Sebuah kepemimpinan pasti dilandasi dengan tujuan untuk apa kepemimpinan itu ada. Di balik perjuangan Rasulullah, ada sebuah risalah agung yang diembannya: I’la likalimatillah, menegakkan kalimat Allah. Kepemimpinan yang matang sebagai tonggak perjuangan sejatinya hanya akan dimiliki oleh seseorang yang memiliki kematangan jiwa. Kematangan jiwa dalam keikhlasan untuk apa kepemimpinan itu ada, kematangan jiwa dalam mengelola emosi dan mental yang senantiasa menggelora, kematangan jiwa untuk menjadi seorang yang layak untuk dikatakan sebagai seorang pemimpin. Ingatlah ketika Badar memanggil para calon syuhada penghuni surga. Perang dimana keimanan muslim terbaik mencapai puncaknya keimanannya. Walaupun jumlah pasukan hanya sepertiga dari musuh, mereka tetap tegar. Karena mereka yakin akan kemenangan akan datang. Allah tidak akan menyia-nyiakan perjuangan hamba-Nya. Karena bagi mereka, kemenangan jiwa adalah kemenangan hakiki. Bukan hidup di dunia fana yang mereka cari, tapi hidup setelah mati itulah sejatinya kehidupan yang abadi. Maka simaklah penuturan iman salah seorang sahabat, Sa’ad Bin Mua’dz:

“Demi Allah, Kami telah beriman kepadamu, sehingga kami akan selalu membenarkanmu. Dan kami bersaksi bahwa ajaran yang engkau bawa adalah benar. Karena itu, kami berjanji untuk selalu mentaati dan mendengarkan perintahmu. Berangkatlah wahai Rasululah Shalallahu ‘alaihi wasallam, jika itu yang engkau kehendaki. Demi Dzat yang telah mengutusmu dengan nilai-nilai kebenaran, seandainya engkau membawa kami ke laut itu, kemudian engkau benar-benar mengarunginya, niscaya kami pun akan mengikutimu!

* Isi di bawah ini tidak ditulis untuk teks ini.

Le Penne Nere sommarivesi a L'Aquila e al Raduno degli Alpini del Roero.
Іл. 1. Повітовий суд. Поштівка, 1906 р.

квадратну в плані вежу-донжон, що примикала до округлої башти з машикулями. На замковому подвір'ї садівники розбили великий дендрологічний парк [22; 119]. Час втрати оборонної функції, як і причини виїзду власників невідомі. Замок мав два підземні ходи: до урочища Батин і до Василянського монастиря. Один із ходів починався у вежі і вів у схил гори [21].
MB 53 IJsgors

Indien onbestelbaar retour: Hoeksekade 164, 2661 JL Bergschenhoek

Bagi laki-laki, perempuan memiliki peran sebagai pendamping laki-laki dalam menenangkan jiwanya. Sebuah kepemimpinan harus diemban dengan jiwa dan hati yang tenang. Di sanalah peran perempuan di balik kepemimpinan.

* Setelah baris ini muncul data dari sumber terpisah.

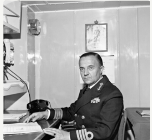
Oud-premier P.J.S. (Piet) de Jong, hier als kapitein-ter-zee van de Koninklijke Marine

De Jong was na een carrière bij de marine 'aan lagerwal geraakt' (zoals hij het zelf zei) in de politiek, eerst als staatssecretaris, daarna als minister van Defensie, en dáár weer na als minister-president. Een man met humor ook. Toen Van Mierlo met veel omhaal van woorden betoogde dat Nederland een minister-president nodig had die zowel bezonken als voortvarend was, stak De Jong z'n vingertje op en zei bedeesd: "Maar dan hebt u aan mij een goeie,
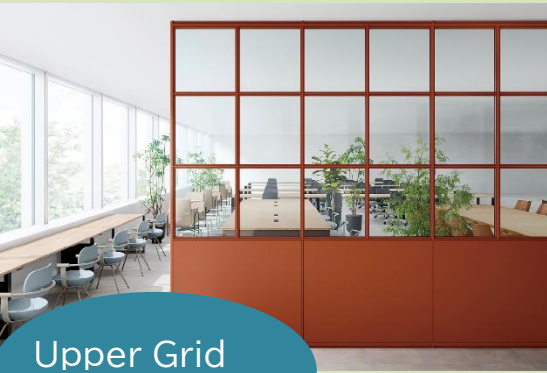
Upper Grid 腰上グリッド

多様なフレームスタイル・パネルパターン・カラーを自由に組み合わせることで、自分たちらしい空間を作ることができるパーティション common furniture(コモンファニチャー)

[1] Dalam surat Al-Mulk ayat 3-4, Allah swt. menyatakan bahwa tidak ada sesuatu di dunia yang tidak seimbang. Bahkan penglihatan kita hanya akan dibuat payah dengan mencari-cari kecacatan Allah Yang Maha Sempurna.

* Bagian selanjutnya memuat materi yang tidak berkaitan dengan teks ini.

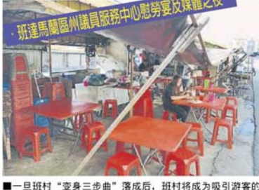
一旦班村“变身三部曲”落成后，班村将成为吸引游客的景点，让大家可以有更舒适的用餐环境。

[2] Kahlil Gibran adalah seorang seniman, penyair, dan penulis Katholik kelahiran Lebanon. Walaupun kelahiran Lebanon, tetapi dia menghabiskan masa produktifnya di Amerika Serikat. Salah satu karya terkenalnya berjudul “The Prophet” atau “Sang Nabi”.

[3] Jundi dalam bahasa keluarga aktivis dakwah biasa disamaartikan dengan anak-anak.

[4] Allah berfirman dalam Al-Quran yang artinya:

Kaum laki-laki itu adalah pemimpin bagi kaum wanita, oleh karena Allah telah melebihkan sebahagian mereka (laki-laki) atas sebahagian yang lain (wanita), dan karena mereka (laki-laki) telah menafkahkan sebagian dari harta mereka.” (An-Nisa : 34)

[5] Hal ini telah disampaikan oleh Rasulullah dalam suatu hadits panjang yang salah satunya dikeluarkan oleh al-Bukhari dalam Shahihnya – hadis no: 5971 (Kitab al-Adab, Bab siapakah manusia yang paling berhak untuk dilayan dengan baik).

[6] Dalam surah At-Taubah ayat 128, Allah berfirman:

Sungguh telah datang kepadamu seorang Rasul dari kaummu sendiri, berat terasa olehnya penderitaanmu, sangat menginginkan (keimanan dan keselamatan) bagimu, amat belas kasihan lagi penyayang terhadap orang-orang mukmin.